Exercise brief ▸
Reproduce verbatim all of the data given below, but do not carry over the images.

Dataset section ▸
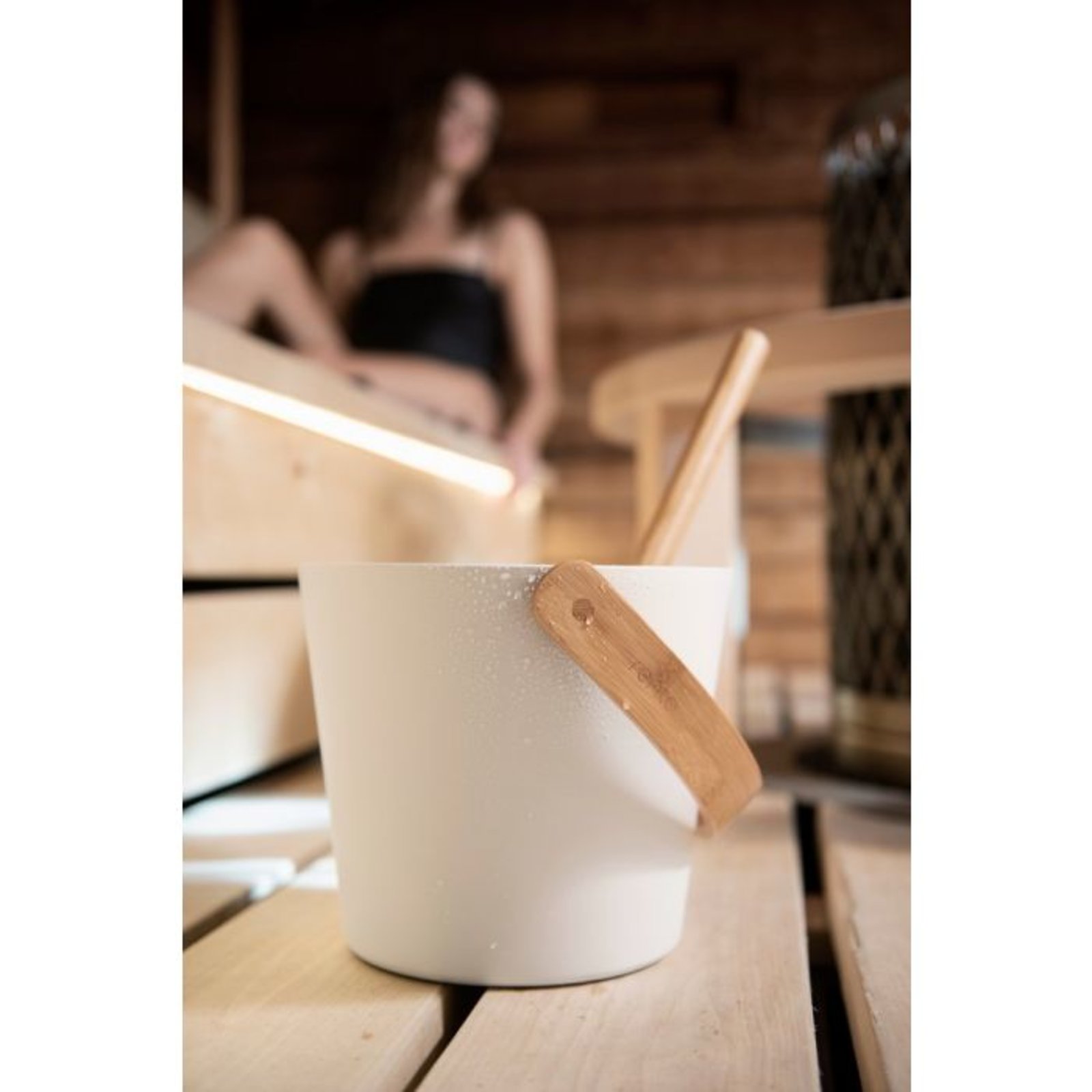HLINÍKOVÉ VĚDRO S BAMBUSOVÝM KULATÝM ÚCHYTEM, bílé
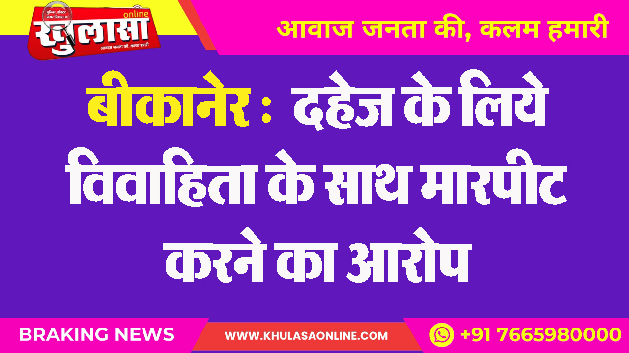 बीकानेर : दहेज के लिये विवाहिता के साथ मारपीट करने का आरोप
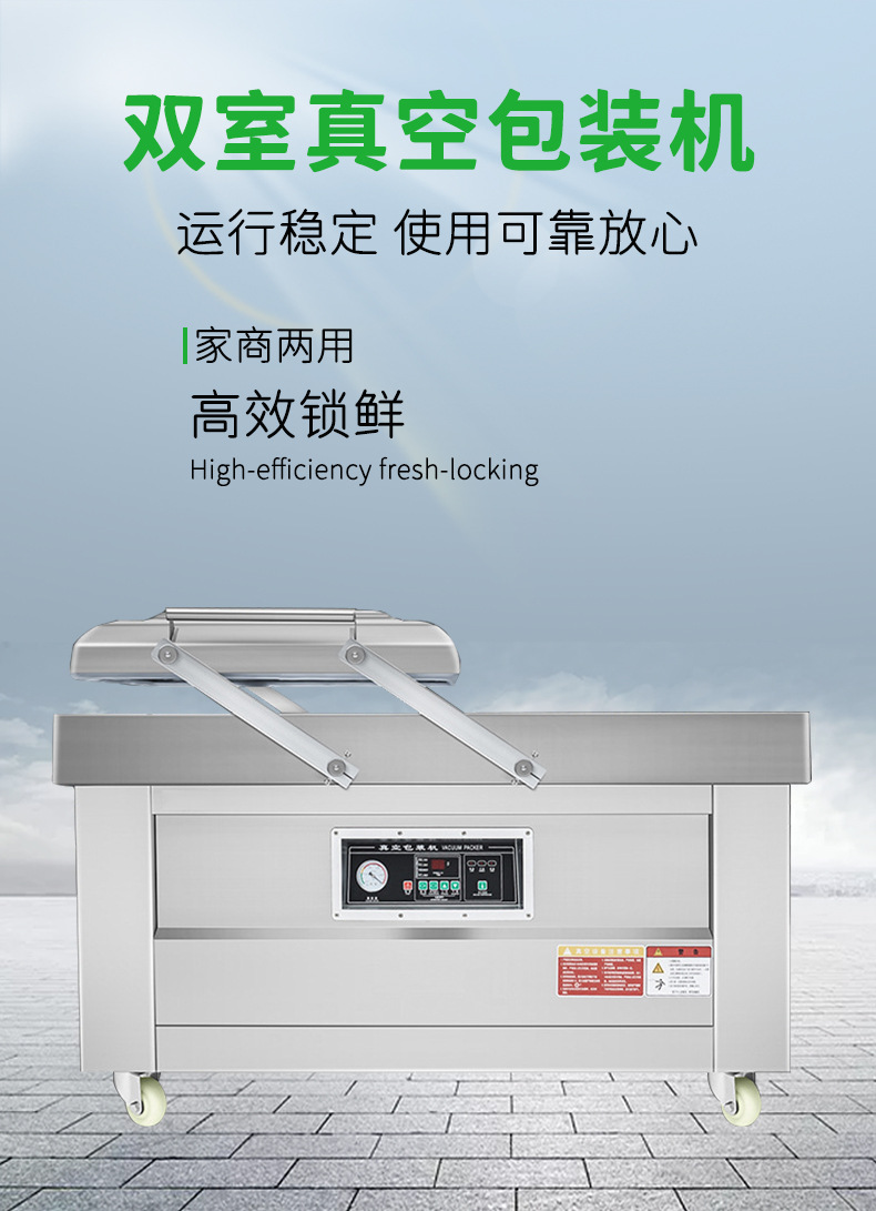 雙室真空包裝機是一種包裝設備,其主要功能包括真空包裝和充氣包裝。這種設備通過將包裝袋內的空氣抽出,達到預定真空度后完成封口工序,從而實現食品和其他商品的防腐、保質、防潮、防霉、防銹、防蝕、防蟲、防污染等目的
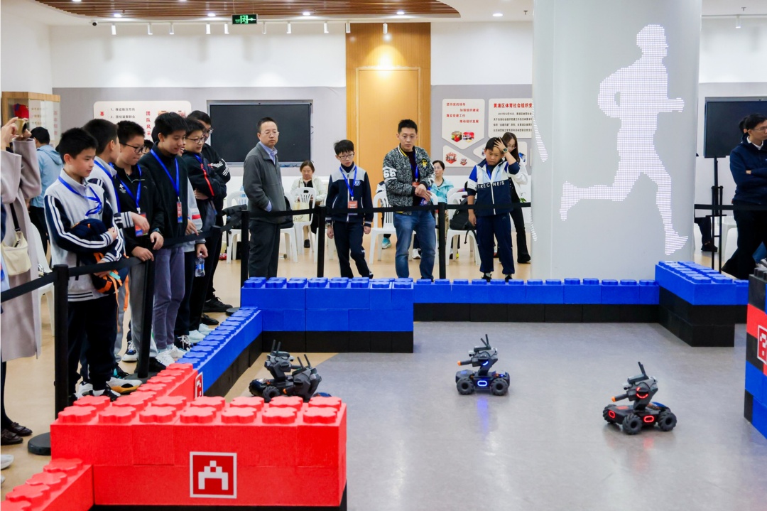比赛间歇,没有比赛任务的小选手们除了观摩同场竞技的其他队伍比赛赛况之外,还参与到2025年黄浦科技节的赛项练习当中,新兴科技体育项目因其独特的“科技+体育”新颖玩法,受到广大在场年轻爱好者的追捧。

Problem solution ▸
HLINÍKOVÉ VĚDRO S BAMBUSOVÝM KULATÝM ÚCHYTEM, bílé
 बीकानेर : दहेज के लिये विवाहिता के साथ मारपीट करने का आरोप
 雙室真空包裝機是一種包裝設備,其主要功能包括真空包裝和充氣包裝。這種設備通過將包裝袋內的空氣抽出,達到預定真空度后完成封口工序,從而實現食品和其他商品的防腐、保質、防潮、防霉、防銹、防蝕、防蟲、防污染等目的
比赛间歇,没有比赛任务的小选手们除了观摩同场竞技的其他队伍比赛赛况之外,还参与到2025年黄浦科技节的赛项练习当中,新兴科技体育项目因其独特的“科技+体育”新颖玩法,受到广大在场年轻爱好者的追捧。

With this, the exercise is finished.